High Availability
Temporal Cloud provides a 99.9% contractual Service Level Agreement (SLA) guarantee against service errors for all Namespaces. High Availability asynchronously replicates Workflows across multiple isolation domains for a 99.99% SLA (10x the default).
High Availability features
When you enable High Availability features, Temporal deploys your primary and its replica across separate isolation domains. You control the location of both the primary and the replica.
| Deployment | Description |
|---|---|
| Same‑region Replication | Isolation domains are co-located within the same region. |
| Multi‑region Replication | Isolation domains are located in separate regions. |
| Multi‑cloud Replication | Isolation domains are located in separate cloud providers. |
Same-region Replication
Temporal replicates Namespaces across isolation domains within one region. This option is a good fit when your application is built for one region and you prefer to failover within that region. This provides a reliable failover mechanism while maintaining deployment simplicity.
Multi-region Replication
Temporal replicates Namespaces across regions, making sure Workflows and data are available even if a region fails. Asynchronous replication means changes aren’t immediately reflected in other regions but will sync over time, ensuring data integrity. This setup allows failovers between replicas without needing immediate consistency across regions. Replication across different regions enhances resilience and reliability.
Multi-cloud Replication
Temporal asynchronously replicates all Workflows (live and historical) and data to a Namespace in an entirely different cloud provider. If a provider outage, regional outage, service disruption, or network issue occurs, traffic automatically shifts to the replica. Replicated data is securely encrypted and transmitted across the public internet between cloud providers. Internet connectivity allows workers in one cloud to fail over to a replica in a different cloud.
When you adopt Temporal's High Availability features, don't forget to consider the reliability of your own workers, infrastructure, and dependencies. Issues like network outages, hardware failures, or misconfigurations in your own systems can affect your application performance.
For the highest level of reliability, distribute your dependencies across regions, and use our Multi-region or Multi-cloud replication features. Using physically separated regions improves the fault tolerance of your application.
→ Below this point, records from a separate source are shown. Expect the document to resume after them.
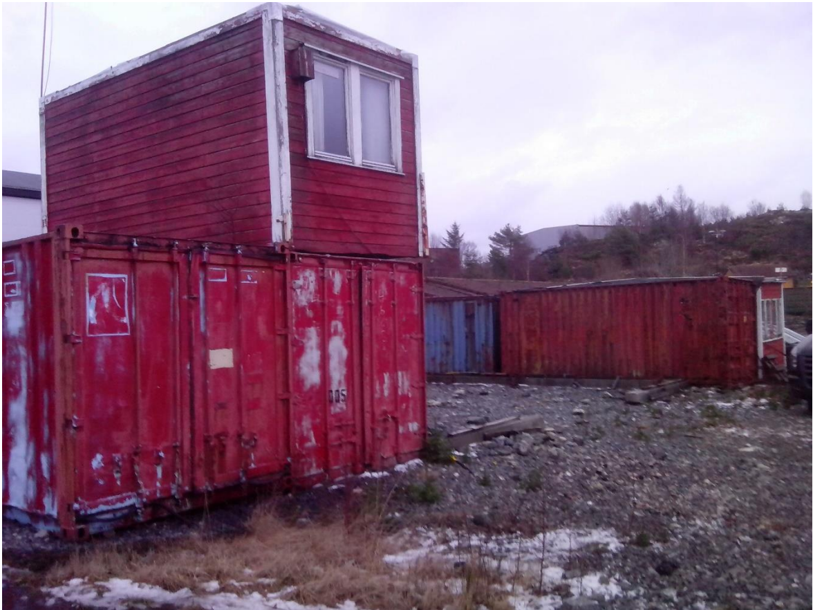
Typiske ting som lagres på lagerplasser i utkanten. Dette har stått i mange år.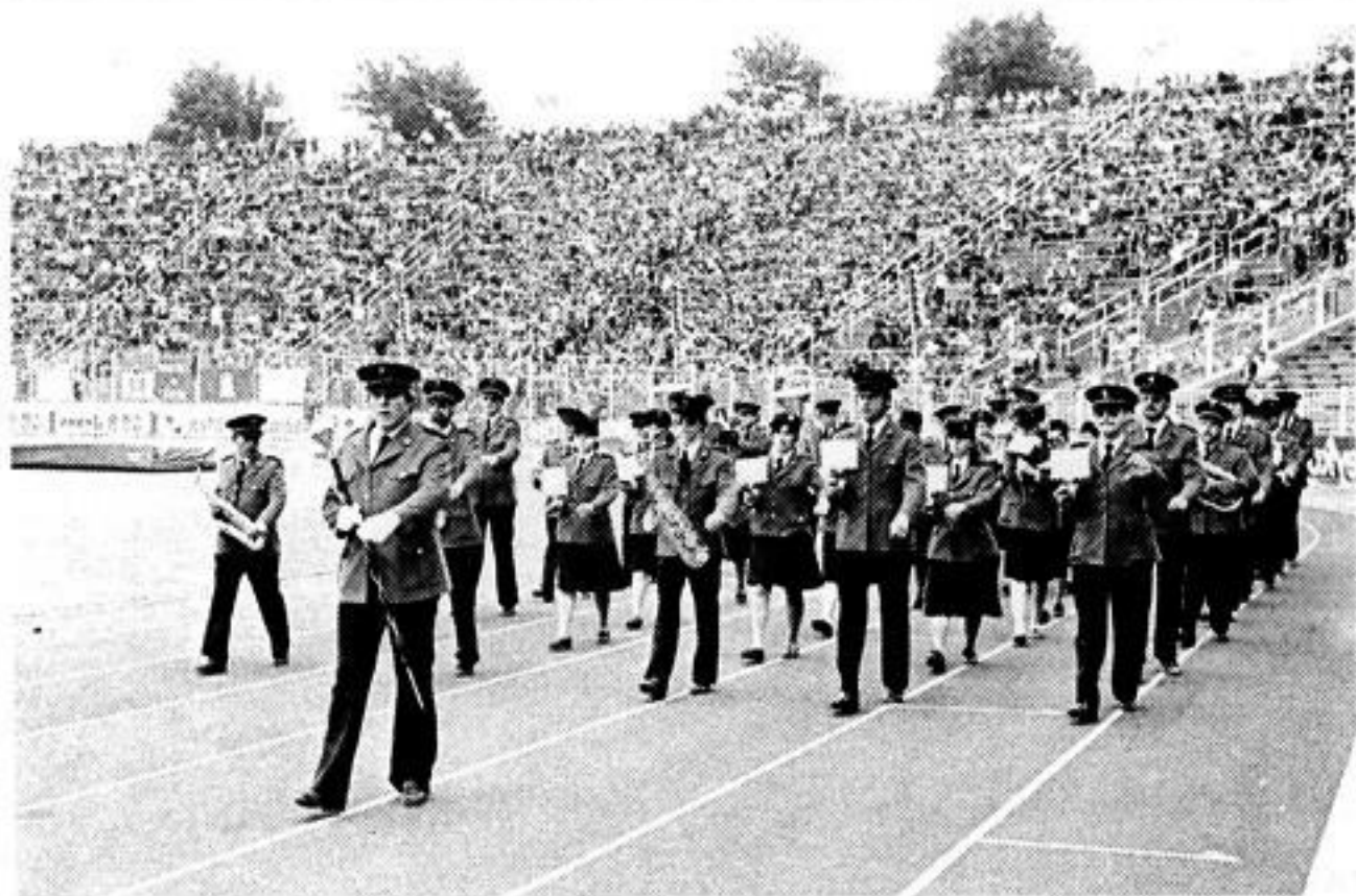
HAMBURG 1982: Suoni spilte i pausen på Volksparkstadion under Bundesligakamp mellom Hamburger S.V. og Karlsruhe.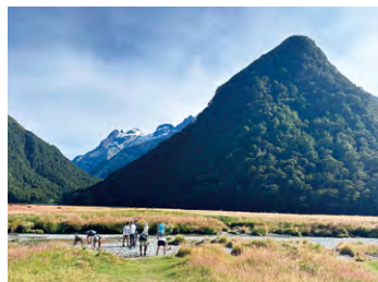
▲ルートバーン・フラットにて

ルートバーン・トラックの後半部分を日帰りで楽しめます。清らかな川の流れとブナの森で清々しい気分を満喫できることでしょう。

See more detail about how replication works.
Failover
In case of an incident or an outage, Temporal will automatically fail over your Namespace from the primary to the replica. This lets Workflow Executions continue with minimal interruptions or data loss. You can also [manually initiate failovers}(/cloud/high-availability/failovers) based on your situational monitoring or for testing.
Returning control from the replica to the primary is called a failback. The replica is active for a brief duration during an incident. After the incident, Temporal fails back to the primary.
See more detail about how failovers work.
SLA for High Availability features
What guarantees does Temporal offer for replication features?
Namespace replication offers 99.99% availability, enforced by Temporal Cloud's service error rates SLA. Our system is designed to limit data loss after recovery when the incident triggering the failover is resolved.
Our recovery point objective (RPO) is near-zero. There may be a short period of time during an incident or forced failover when some data is unavailable in the replica region. Some Workflow History data won't arrive until network issues are fixed, enabling the History to finish replicating and the divergent History branches to reconcile.
Temporal Cloud proactively responds to incidents by triggering failovers. Our recovery time objective (RTO) is 20 minutes or less per incident.
During a disaster scenario in which the data in the primary Namespace cannot be recovered, the duration of data loss may be as high as the replication lag at the time of disaster.